## Supplied records:
..............................

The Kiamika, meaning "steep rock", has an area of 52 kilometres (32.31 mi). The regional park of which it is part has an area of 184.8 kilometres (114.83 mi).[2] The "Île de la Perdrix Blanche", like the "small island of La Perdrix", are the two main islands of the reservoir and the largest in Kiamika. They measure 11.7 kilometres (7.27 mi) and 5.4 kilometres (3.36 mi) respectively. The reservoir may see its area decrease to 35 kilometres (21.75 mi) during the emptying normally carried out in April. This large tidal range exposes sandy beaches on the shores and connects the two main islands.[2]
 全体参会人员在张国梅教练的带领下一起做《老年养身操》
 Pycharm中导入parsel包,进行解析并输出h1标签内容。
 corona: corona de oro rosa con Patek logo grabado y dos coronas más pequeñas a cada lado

..............................

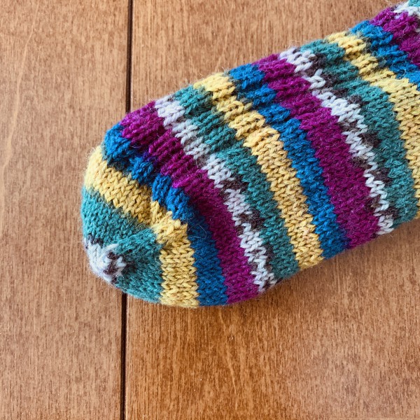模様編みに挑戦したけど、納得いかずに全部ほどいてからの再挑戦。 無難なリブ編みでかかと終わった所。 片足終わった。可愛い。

..............................

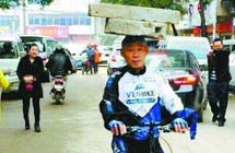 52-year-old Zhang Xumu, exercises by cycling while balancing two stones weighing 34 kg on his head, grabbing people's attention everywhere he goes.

..............................

## The problem:
Set down, unchanged, only those lines above that fall between the line with "The Kiamika, meaning" and the line with "corona: corona de", the two end lines included.

## Exercise answer:
The Kiamika, meaning "steep rock", has an area of 52 kilometres (32.31 mi). The regional park of which it is part has an area of 184.8 kilometres (114.83 mi).[2] The "Île de la Perdrix Blanche", like the "small island of La Perdrix", are the two main islands of the reservoir and the largest in Kiamika. They measure 11.7 kilometres (7.27 mi) and 5.4 kilometres (3.36 mi) respectively. The reservoir may see its area decrease to 35 kilometres (21.75 mi) during the emptying normally carried out in April. This large tidal range exposes sandy beaches on the shores and connects the two main islands.[2]
 全体参会人员在张国梅教练的带领下一起做《老年养身操》
 Pycharm中导入parsel包,进行解析并输出h1标签内容。
 corona: corona de oro rosa con Patek logo grabado y dos coronas más pequeñas a cada lado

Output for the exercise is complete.